1.6 KiB
1.6 KiB
| id | title | challengeType | forumTopicId | dashedName |
|---|---|---|---|---|
| 5a23c84252665b21eecc7ec1 | Iterated digits squaring | 5 | 302291 | iterated-digits-squaring |
--description--
If you add the square of the digits of a Natural number (an integer bigger than zero), you always end with either 1 or 89:
15 -> 26 -> 40 -> 16 -> 37 -> 58 -> 89 7 -> 49 -> 97 -> 130 -> 10 -> 1
--instructions--
Write a function that takes a number as a parameter and returns 1 or 89 after performing the mentioned process.
--hints--
iteratedSquare should be a function.
assert(typeof iteratedSquare == 'function');
iteratedSquare(4) should return a number.

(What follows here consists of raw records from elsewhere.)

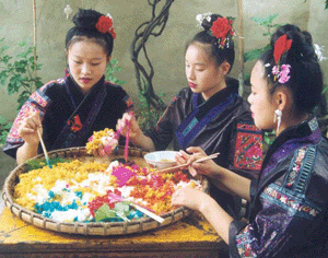 侗族分布于貴州、湖南、廣西三省毗鄰地區(qū)的南方少數(shù)民族,居住在黔、湘、桂等省區(qū)的毗連地區(qū),其中以貴州省人口最多。古代文獻(xiàn)中稱“駱越”、“僚”、“侗蠻”。他們主要從事山壩農(nóng)業(yè),兼營林業(yè)和漁獵,手工業(yè)發(fā)達(dá)。出產(chǎn)“香禾糯”(有“糯中之王”之稱)、“稻花鯉”、油茶。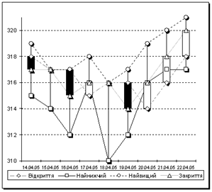 4. Визначити частоту і характер розривів показника, що спостерігається. В теорії технічного аналізу виділяють різні види розривів (прискорюючий, уповільнюючий, випереджуючий, острівний, кінцевий тощо), кожен з яких дозволяє визначити напрями й ступінь інтенсивності зміни тенденції показника. Висновки технічного аналізу використовуються не тільки для дослідження поточної кон’юнктури інвестиційного ринку, але й для її прогнозування. Прогнозний апарат технічного аналізу базується на окремих теоріях, серед яких найбільше розповсюдження одержали: теорія Доу, теорія хвиль Еліота, теорія ковзаючої середньої та деякі інші.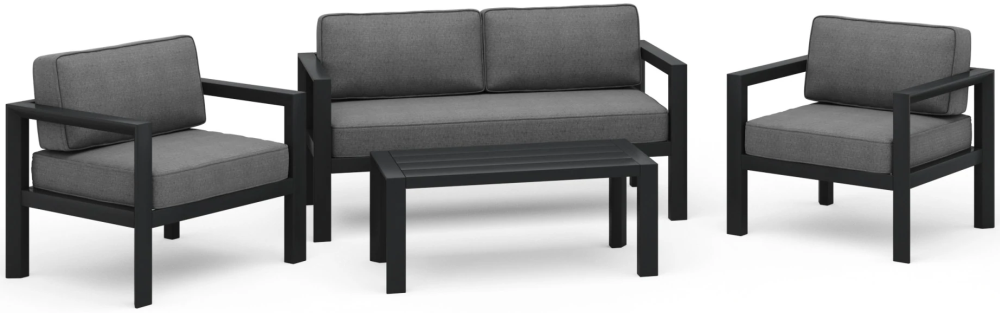 Set includes a loveseat, 2 chairs, and a coffee table.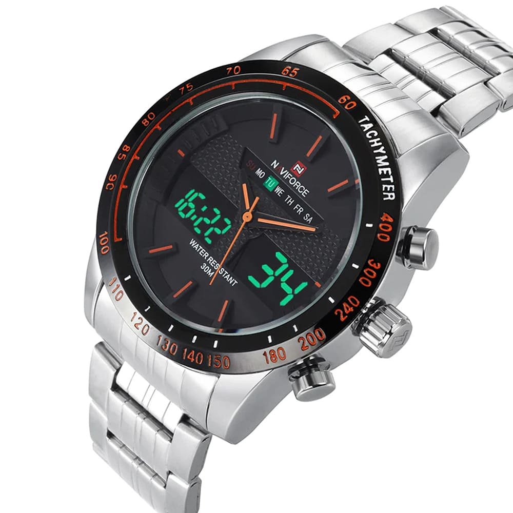 ساعة يد نافي فورس Naviforce NF9024 S B O رجالي أصلية موديل ( NF9024 ) نظرية و رقمية بلون مينا اسود و استيك معدن بلون فضي احصل عليها غدا خلال 24 ساعة داخل القاهرة و الجيزة و الاسكندرية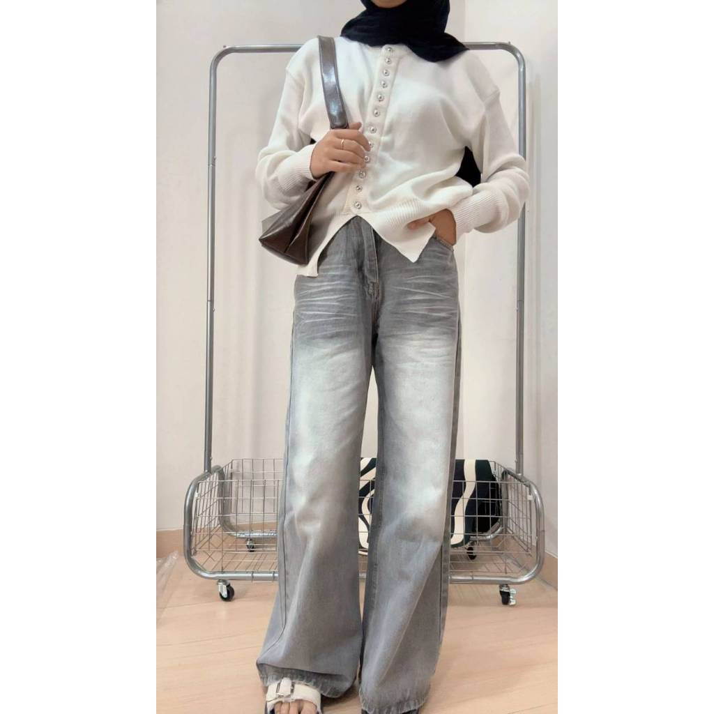 Celana Panjang Wanita Loose High Waist Jeans Premium - Korean Stayle Jeans Baggy Loose Oversize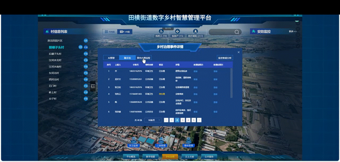 平台以“全域感知”筑牢乡村管理基础,在各村出入口、田间地头、水利设施等区域部署高清智能摄像头、土壤湿度传感器、水位监测设备等物联终端,不仅能精准捕捉人员车辆动态、农业生产环境数据,还可智能识别火灾隐患、非法占用耕地等异常情况,让乡村管理从“被动应对”转向“主动预防”,目前全镇物联设备在线率稳定在98%以上,数据可用性达99.9%。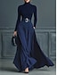 Mujer Vestido maxi Vestido tubo Cumpleaños Casual Formal Fiesta Oficina Diario Ajuste regular Plano Manga Larga Cuello Alto Azul marinero
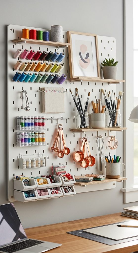 The best part is the flexibility. If you move things around, buy new tools, or change your decor, the pegboard adapts instantly. This prevents clutter from piling up and keeps your essentials visible yet organized.

assert(typeof iteratedSquare(4) == 'number');
iteratedSquare(4) should return 89.
assert.equal(iteratedSquare(4), 89);
iteratedSquare(7) should return 1.
assert.equal(iteratedSquare(7), 1);
iteratedSquare(15) should return 89.
assert.equal(iteratedSquare(15), 89);
iteratedSquare(20) should return 89.
assert.equal(iteratedSquare(20), 89);
iteratedSquare(70) should return 1.
assert.equal(iteratedSquare(70), 1);
iteratedSquare(100) should return 1.
assert.equal(iteratedSquare(100), 1);
--seed--
--seed-contents--
function iteratedSquare(n) {
}
--solutions--
function iteratedSquare(n) {
var total;
while (n != 89 && n != 1) {
total = 0;
while (n > 0) {
total += Math.pow(n % 10, 2);
n = Math.floor(n/10);
}
n = total;
}
return n;
}